GFDL - Geophysical Fluid Dynamics Laboratory

Underestimated AMOC variability and implications for AMV and predictability in CMIP models

April 24th, 2018

Xiaoqin Yan, Rong Zhang, and Thomas R. Knutson. Geophysical Research Letters. DOI: 10.1029/2018GL077378

The Atlantic Meridional Overturning Circulation (AMOC) has profound impacts on various climate phenomena. Using both observations and simulations from multiple models of the Coupled Model Intercomparison Project, the authors estimated the amplitude of low-frequency AMOC variability in observations, compared it with those in model simulations, and examined the effects of low-frequency AMOC variability on the linkage between AMOC and Atlantic multidecadal variability (AMV).

This study provides a new perspective for understanding the important role of the AMOC in Atlantic multidecadal variability and associated impacts and predictability. These results indicate that the linkages between the Atlantic Meridional Overturning Circulation and Atlantic multidecadal variability, as well as the associated climate impacts and Atlantic decadal predictability, could be substantially hampered in models due to their underestimation of the amplitude of low-frequency AMOC variability.

Using both observations and simulations from the Coupled Model Intercomparison Project Phase 3 and 5 (CMIP3 and CMIP5), the authors show that most models underestimate the amplitude of low-frequency AMOC variability. In addition, stronger low-frequency AMOC variability leads to stronger linkages between the AMOC and key variables associated with the Atlantic multidecadal variability (AMV), and between the subpolar AMV signal and northern hemisphere surface air temperature (NHSAT). Low frequency extra-tropical NHSAT variability might increase with the amplitude of low-frequency AMOC variability. Atlantic decadal predictability is much higher in models with stronger low frequency AMOC variability, and much lower in models with weaker or without AMOC variability. These results suggest that simulating realistic low-frequency AMOC variability is very important, both for simulating realistic linkages between AMOC and AMV-related variables and for achieving substantially higher Atlantic decadal predictability.

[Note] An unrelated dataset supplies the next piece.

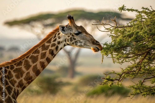Giraffe Standing Under Acacia Tree in African Savannah

The amplitude of low-frequency AMOC variability in observations has potentially important climate impacts. Identifying the limitations of models in simulating the low-frequency AMOC variability is helpful to understand and resolve the widespread linkages between the AMOC and the AMV, as well as the associated climate impacts in multiple models. Improvement of the simulation of the low-frequency AMOC variability may lead to enhanced Atlantic decadal predictability.

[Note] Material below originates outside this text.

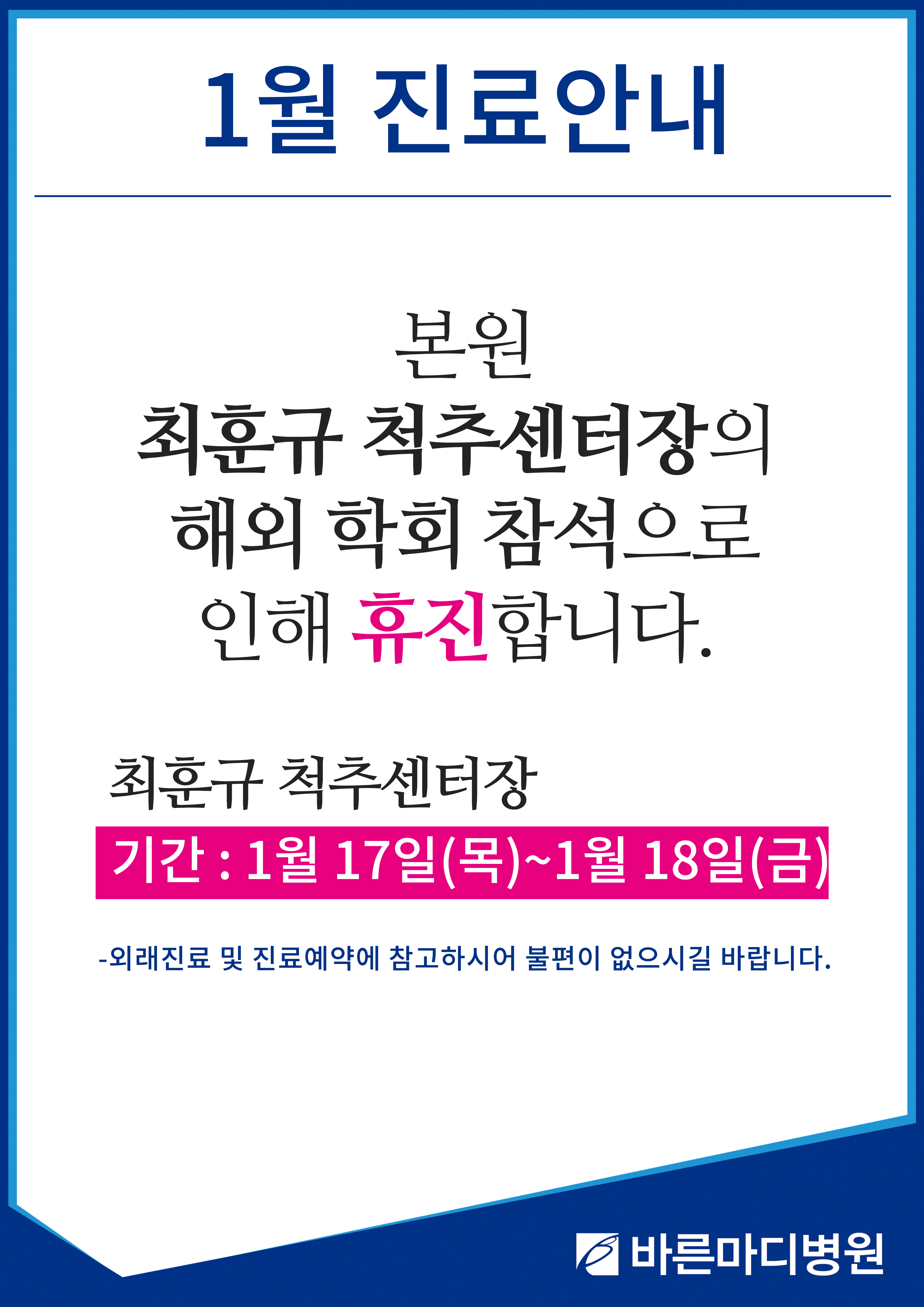 본원 최훈규 척추센터장의 학회 참석으로 인해 휴진하게 되어 진료 일정을 공지 드립니다.

The 12-year AMOC trend distribution and its relationship with low-frequency AMOC variability. a), 12-year AMOC trends (Sv/Year) distribution from each CMIP5 control simulation, and the observed 12-year trend (red line) of the RAPID AMOC Index for the period 2004-2015. b), Scatterplot of the standard deviations of 12-year AMOC trends vs. the amplitudes of low-frequency AMOC variability in CMIP5 control simulations. Also included are estimates of the amplitude of low-frequency AMOC variability and the standard deviation of 12-year AMOC trends for observations (magenta dot), inferred from the reconstructed AMOC Index using the observed AMOC fingerprint. The grey dashed line separates the models into two groups with stronger and weaker low-frequency AMOC variability respectively, based on the amplitudes of low-frequency AMOC variability.
The most predictable patterns and their associated predictability in the North Atlantic. a,b) The most predictable pattern of SST in CMIP5 fully coupled models with (a) stronger or (b) weaker low-frequency AMOC variability. c) The predictability associated with the most predictable patterns shown in a and b. d,e) The most predictable pattern of surface temperature in CMIP3 (d) fully coupled or (e) slab-ocean models. f) The predictability associated with the most predictable patterns shown in d and e. Each pattern in (a,b,d,e) is normalized and has no unit, and the multiplication of the normalized pattern and its corresponding time series (which carries the unit) gives the temperature variations (in oC).